Segment Start: Data records

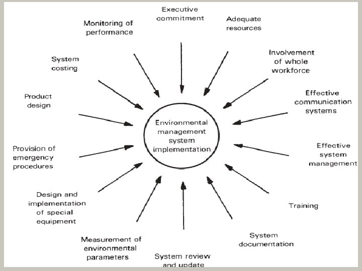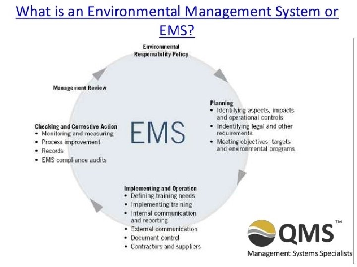 Design and Implementation of ISO 14001 Environmental Management Systems (EMS) ØThe key components in implementing an EMS that satisfies ISO 14001 (see Figure on next slide) are: commitment of company executives, cooperation of all company personnel, effective management, establishment of effective communication systems, appropriate training, design and implementation of supporting equipment, planning of emergency procedures, collection of data to monitor performance, regular system reviews and maintaining full documentation of the system.
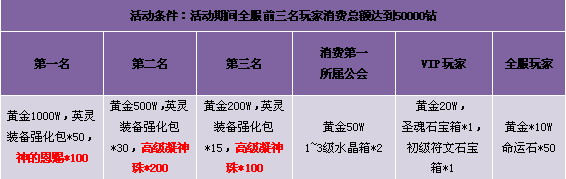 1. 每天全服消费前3名玩家,3名玩家共同消费满5W钻,方可领取奖励;
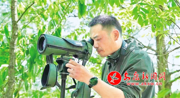 李夏正在野外觀察朱鹮孵化情況 楊穩(wěn) 攝
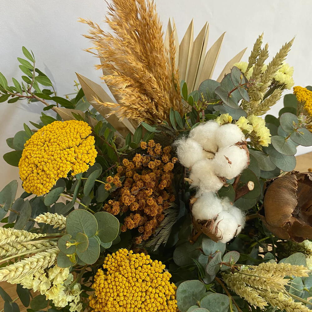 eucalyptus - 14 pcs pampa - 1 pcs yellow statice - 5 pcs lentisco - 6 pcs wheat - 10 pcs yarrow - 3 pcs preserved mimosa - 2 pcs cotton flower - 1 pcs wooden flower - 1 pcs
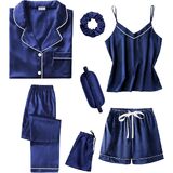 【4Pcs Pajama Set】--- Women Satin 4 pcs pjs sets include camisole sleepwear top + button-down short sleeve sleepshirt + a pair of shorts + a pair of long pants. Before it gets too cold to go without extra layers, our this 4pcs pajamas set you won't feel embarrassed to wear out and about. Multiple matching ways to meet your daily wearing needs all year.
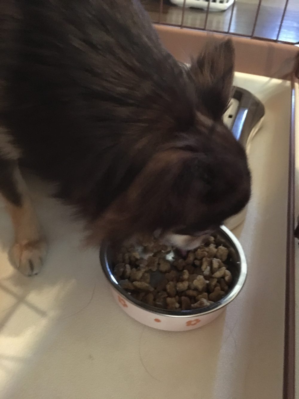 帰ったら、ちょうどいい具合にやわらかくなったご飯にトッピングを混ぜて、ご飯の時間です。ラニちゃんは少し時間がかかりましたが、2匹とも毎回完食でした。よかったです(^^)
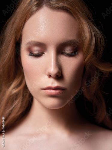 Fototapeta premium Close-up portrait of beautiful young girl with closed eyes
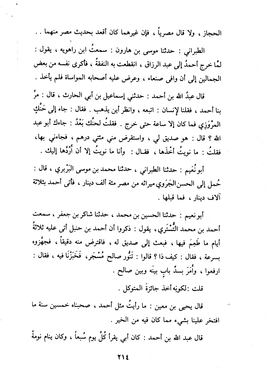 قَالَ عَبْدُ اللهِ بنُ أَحْمَدَ: حَدَّثَنِي إِسْمَاعِيْلُ بنُ أَبِي الحَارِثِ، قَالَ:
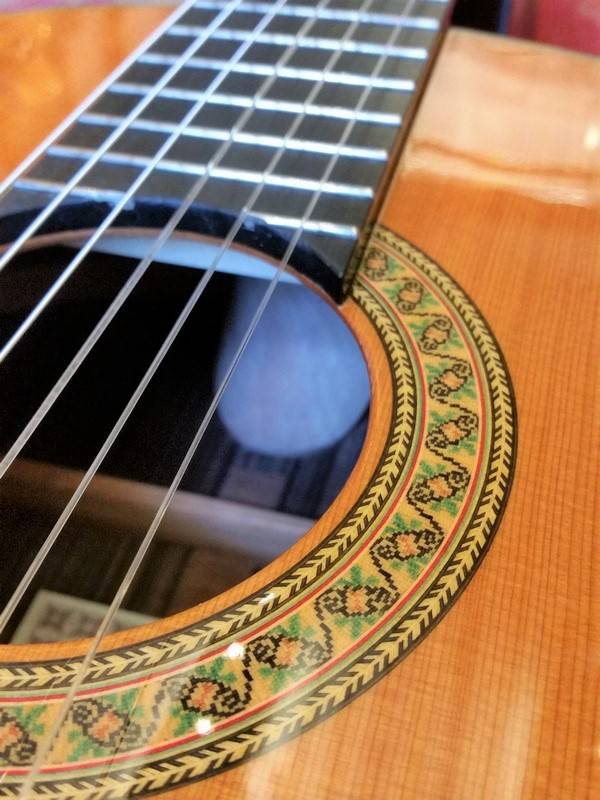 La guitare classique que j'ai achetée et que j'ai toujours ? J'ai essayé la moins chère du magasin et j'ai monté en prix jusqu'à l'effet "Wahou !" je me souviens que je jouais entre autre le Mi et Fa flamenco : sur l'accord de Fa on joue les 2 cordes aiguës à vide, accord "ouvert" typique d'une fin de gamme andalouse (Lam - Sol - Fa - Mi7) avec les dissonances typiques flamenco : des notes du Mi dans le La et des notes du La dans le Mi.

Segment End: Data records

**Requirement**
Restate every record exactly, please; do not copy the pictures.

**Reply**
 Design and Implementation of ISO 14001 Environmental Management Systems (EMS) ØThe key components in implementing an EMS that satisfies ISO 14001 (see Figure on next slide) are: commitment of company executives, cooperation of all company personnel, effective management, establishment of effective communication systems, appropriate training, design and implementation of supporting equipment, planning of emergency procedures, collection of data to monitor performance, regular system reviews and maintaining full documentation of the system.
 1. 每天全服消费前3名玩家,3名玩家共同消费满5W钻,方可领取奖励;
 李夏正在野外觀察朱鹮孵化情況 楊穩(wěn) 攝
 eucalyptus - 14 pcs pampa - 1 pcs yellow statice - 5 pcs lentisco - 6 pcs wheat - 10 pcs yarrow - 3 pcs preserved mimosa - 2 pcs cotton flower - 1 pcs wooden flower - 1 pcs
 【4Pcs Pajama Set】--- Women Satin 4 pcs pjs sets include camisole sleepwear top + button-down short sleeve sleepshirt + a pair of shorts + a pair of long pants. Before it gets too cold to go without extra layers, our this 4pcs pajamas set you won't feel embarrassed to wear out and about. Multiple matching ways to meet your daily wearing needs all year.
 帰ったら、ちょうどいい具合にやわらかくなったご飯にトッピングを混ぜて、ご飯の時間です。ラニちゃんは少し時間がかかりましたが、2匹とも毎回完食でした。よかったです(^^)
 Fototapeta premium Close-up portrait of beautiful young girl with closed eyes
 قَالَ عَبْدُ اللهِ بنُ أَحْمَدَ: حَدَّثَنِي إِسْمَاعِيْلُ بنُ أَبِي الحَارِثِ، قَالَ:
 La guitare classique que j'ai achetée et que j'ai toujours ? J'ai essayé la moins chère du magasin et j'ai monté en prix jusqu'à l'effet "Wahou !" je me souviens que je jouais entre autre le Mi et Fa flamenco : sur l'accord de Fa on joue les 2 cordes aiguës à vide, accord "ouvert" typique d'une fin de gamme andalouse (Lam - Sol - Fa - Mi7) avec les dissonances typiques flamenco : des notes du Mi dans le La et des notes du La dans le Mi.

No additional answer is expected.